I wanted to please them and though there’s nothing really wrong with that, it’s never worked for me. It becomes serious and important and before too long, I was blank. I couldn’t think. I couldn’t figure out what I should write, so I stopped.

But I missed it. I missed the thrill and the rush of writing something I loved and admired. I missed the comments and the interaction and engagement with my readers who had become my friends.

I’m lonely when I don’t write.

I soon realized that it didn’t matter what I wrote so much as it is the actions and creation of something, anything, that I can relate to. Even if what I wrote was crap and I’d never publish it, I was at least being true to myself to see this through to the end.
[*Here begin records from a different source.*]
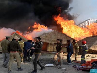 रविवारी महाकुंभमेळा परिसरातील सेक्टर १९ मध्ये भीषण आग लागली. यामुळे गीता प्रेसमधील १८० कॉटेज जळून खाक झाल्या.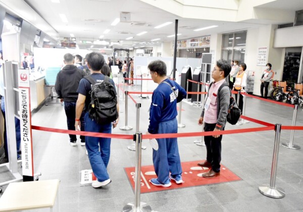 県と宮古島市、内閣官房、消防庁は18日、宮古空港で国民保護に係る実地確認を行い、避難住民を航空機で島外に移送する際の動線や所要時間を検証した。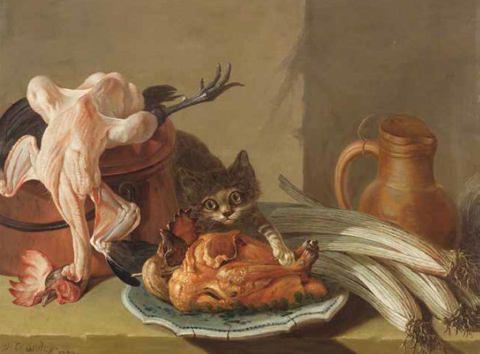 | Küchenstillleben mit junger Katze, an einem gebratenen Hähnchen naschend | |
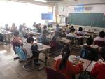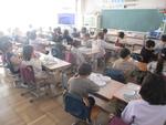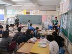 講話後、前回は1年生の教室に足を運んでいただきましたが、今回は社会科で警察の仕事を学習している3年生の教室に足を運んでいただきました。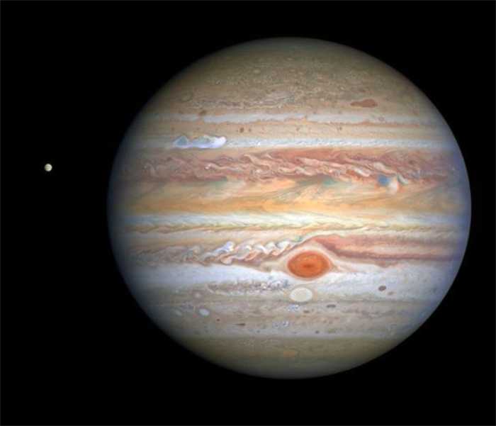木星的表面,有黄、橙、棕、白4种颜色交织着,看起来很漂亮,而且这些颜色会随木星大气中风暴和风的变化而改变。其中,其表面还有一个很明显的特征,一只红色的眼睛。

I don’t know what the end is exactly, but I do know that it’s not over. I have too many ideas. Too much more to learn. More reading to do than I can possibly do, but as long as I have a stack of books on my nightstand or downloaded in my Kindle, I am a happy camper. It means I have more to do before I die and since I don’t plan on dying today, then it’s a good day.

I make a few dollars here every month and it makes me smile. It’s nowhere near enough to retire on, but since I can’t afford to retire until 5 years after I die, I might as well keep plugging away.

This publication is a work in progress. I’m learning how to do it — to me it is difficult to navigate — but when I woke-up this morning excited about it, I knew I was on the right track.

The idea of a story to write, of something to create, makes me get up early and start the coffee pot. I quietly get to work while the smell of the coffee wakes me up. When I wake up like that, I know I’m headed towards a good day.

Some say you should write every day. I don’t know. I don’t like anything carved in stone because my first reaction is to prove it wrong.

But I will say that it something that may apply to me.

I worked a 12 hour shift today. 4 hours of it was driving for Lyft after working 8 hours at my day job. I am trying to raise money to start a non-profit and the last thing I wanted to do when I got home and scarfed down 1/2 of a burrito at 8:00 tonight was to sit down and write…I did it anyway.

For me, that’s the discipline I have to learn myself.

Discipline — writing is all about discipline.